Exactly as written, retype the listing below, omitting the pictures.

━━━ DATASET CONTENT ━━━

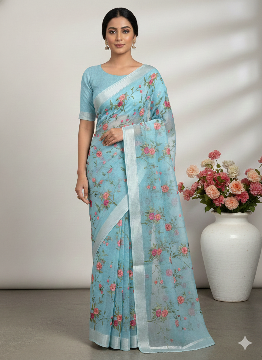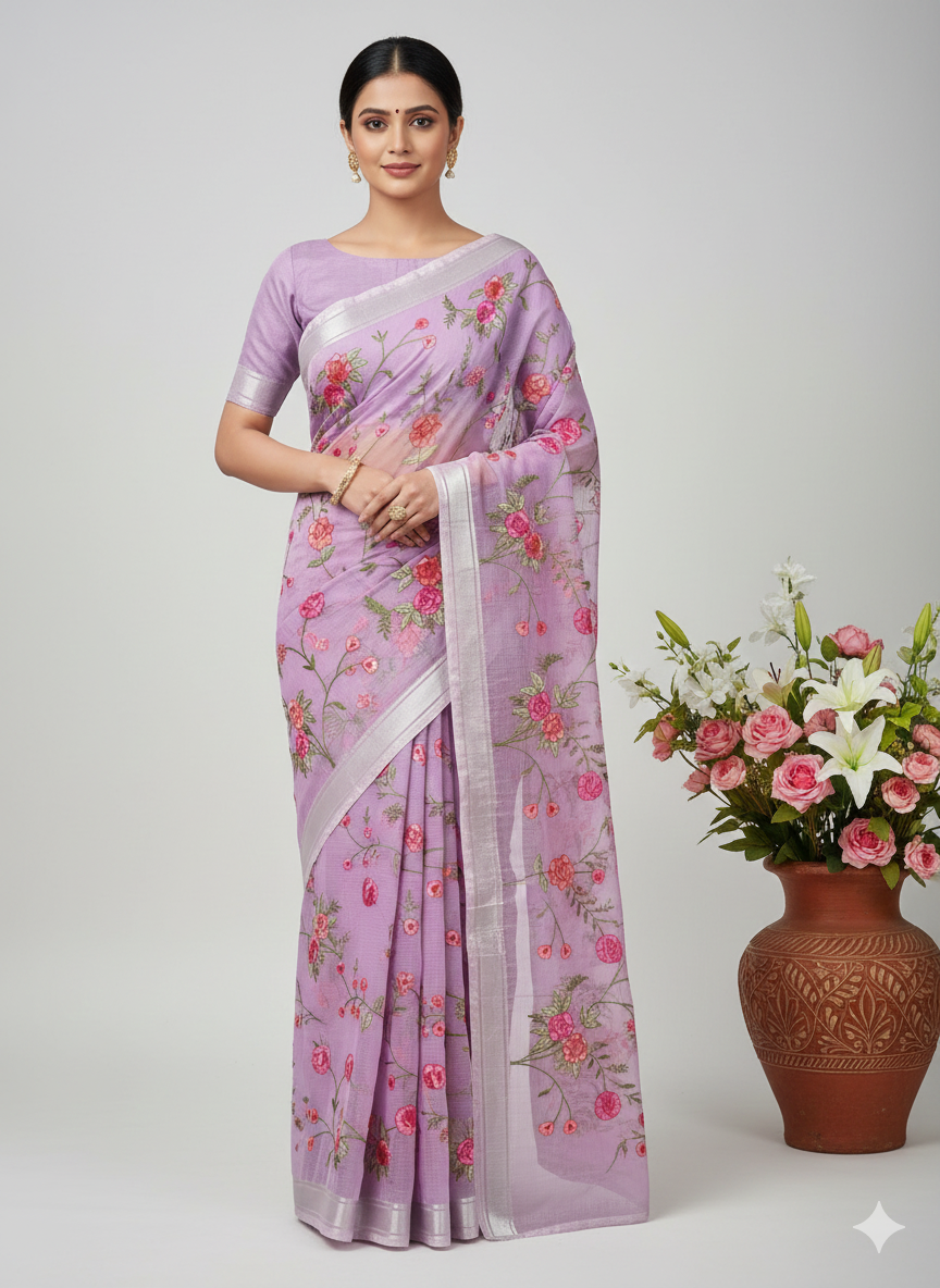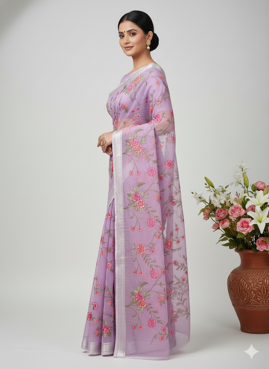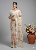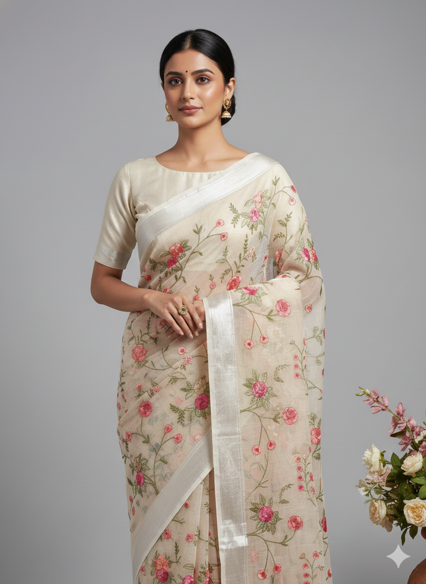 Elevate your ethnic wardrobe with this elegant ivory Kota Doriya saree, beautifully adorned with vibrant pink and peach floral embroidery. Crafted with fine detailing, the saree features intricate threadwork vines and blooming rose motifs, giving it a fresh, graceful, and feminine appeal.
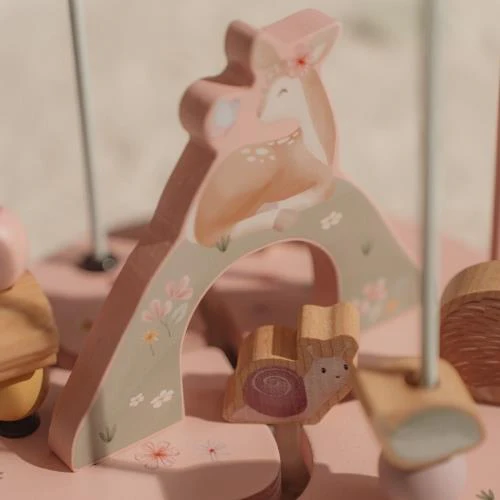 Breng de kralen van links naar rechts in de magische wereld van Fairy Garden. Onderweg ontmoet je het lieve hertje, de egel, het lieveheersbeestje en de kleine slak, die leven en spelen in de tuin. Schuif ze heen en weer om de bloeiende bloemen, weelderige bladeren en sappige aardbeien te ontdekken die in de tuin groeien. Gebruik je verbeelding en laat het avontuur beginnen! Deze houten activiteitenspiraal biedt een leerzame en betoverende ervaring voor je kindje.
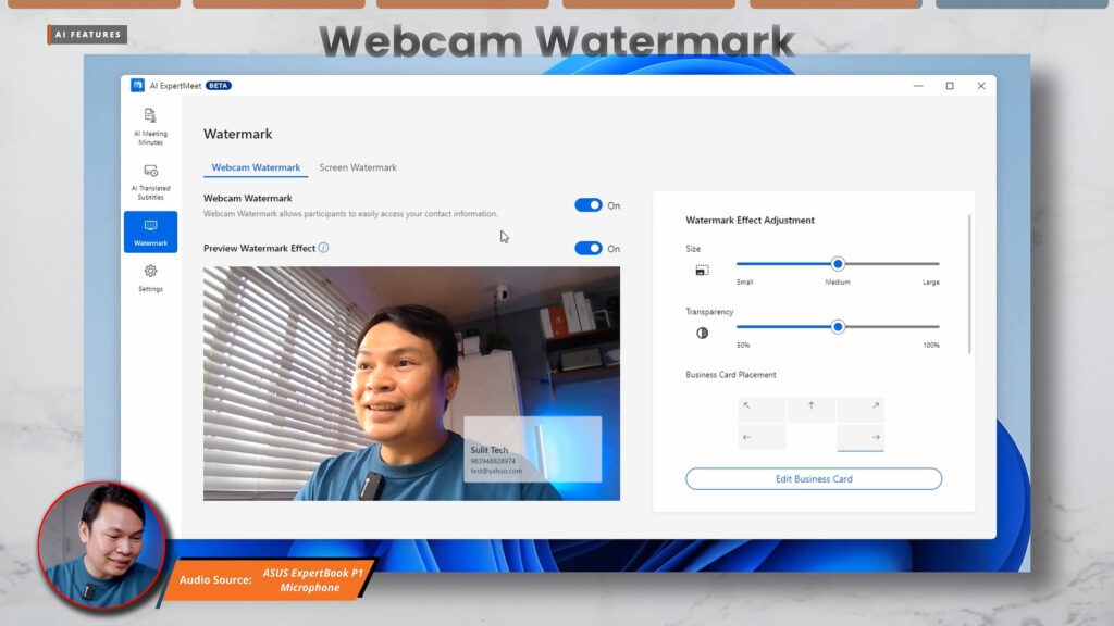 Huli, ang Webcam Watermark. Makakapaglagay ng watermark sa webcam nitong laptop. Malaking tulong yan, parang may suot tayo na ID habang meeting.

━━━

■ **REPLY**:
 Elevate your ethnic wardrobe with this elegant ivory Kota Doriya saree, beautifully adorned with vibrant pink and peach floral embroidery. Crafted with fine detailing, the saree features intricate threadwork vines and blooming rose motifs, giving it a fresh, graceful, and feminine appeal.
 Breng de kralen van links naar rechts in de magische wereld van Fairy Garden. Onderweg ontmoet je het lieve hertje, de egel, het lieveheersbeestje en de kleine slak, die leven en spelen in de tuin. Schuif ze heen en weer om de bloeiende bloemen, weelderige bladeren en sappige aardbeien te ontdekken die in de tuin groeien. Gebruik je verbeelding en laat het avontuur beginnen! Deze houten activiteitenspiraal biedt een leerzame en betoverende ervaring voor je kindje.
 Huli, ang Webcam Watermark. Makakapaglagay ng watermark sa webcam nitong laptop. Malaking tulong yan, parang may suot tayo na ID habang meeting.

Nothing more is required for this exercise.